Measles as an etiologic agent in purpura fulminans is poorly documented;[8] therefore this could pose a diagnostic challenge because body rash, fever, and coryza may also be associated with bacterial sepsis like meningococcemia. Diagnosis of measles is usually clinical; the rash in this case was typical of measles in its distribution and the blood culture was negative; furthermore this occurred during the outbreak of measles in Kano which was way before known period of Neisseria meningitidis outbreaks. Furthermore, the gangrene and hemiparesis occurred after the resolution of fever; which is not the typical picture in septicemic illness.

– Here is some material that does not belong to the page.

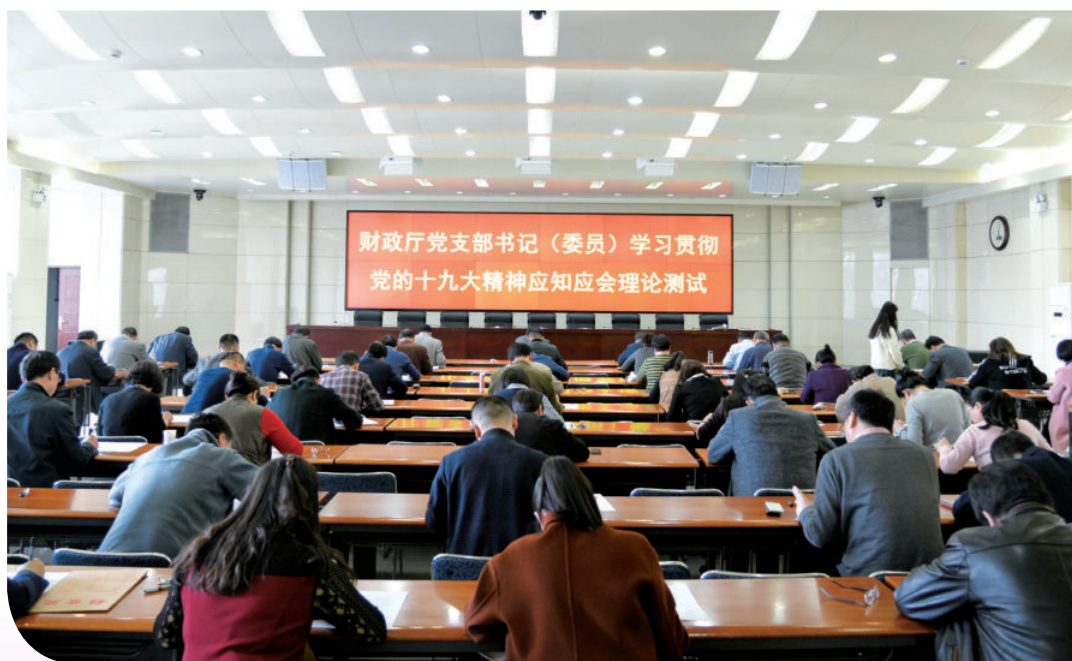
2018年3月9日，自治区财政厅举办财政厅党支部书记（委员）学习贯彻党的十九大精神应知应会理论测试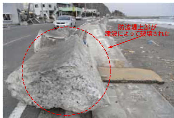
図—10 豊間の防波堤の被災状況

Treatment of acute infectious purpura fulminans involves: Replacing the deficient hemostatic factors which restores the balance between the procoagulants and the anticoagulant factors; identifying and treating the cause. Therefore fresh frozen plasma corrects deficient clotting factors and use of heparin prevents further thrombi formation; in our case none of these were given; probably due to difficulty in securing them at the referring hospital; the decision not to commence them in our institution was based on her clinical improvement; there were no new lesions, no further extension of the purpura or gangrene, rather some of the skin lesions resolved and she remained afebrile; this further heightens the controversy surrounding the use of these medications in purpura fulminans. Surgical debridement of necrotic tissue remains a standard of care; parents declined amputation despite adequate counseling, however the patient was commenced on honey dressing with good effect; sloughing was noticed by the 2nd week of treatment.

Conclusion

Purpura fulminans is a life-threatening hematologic emergency associated mostly with gram negative septicemia which requires aggressive management; however we have reported a case which was associated with hemiparesis following measles infection.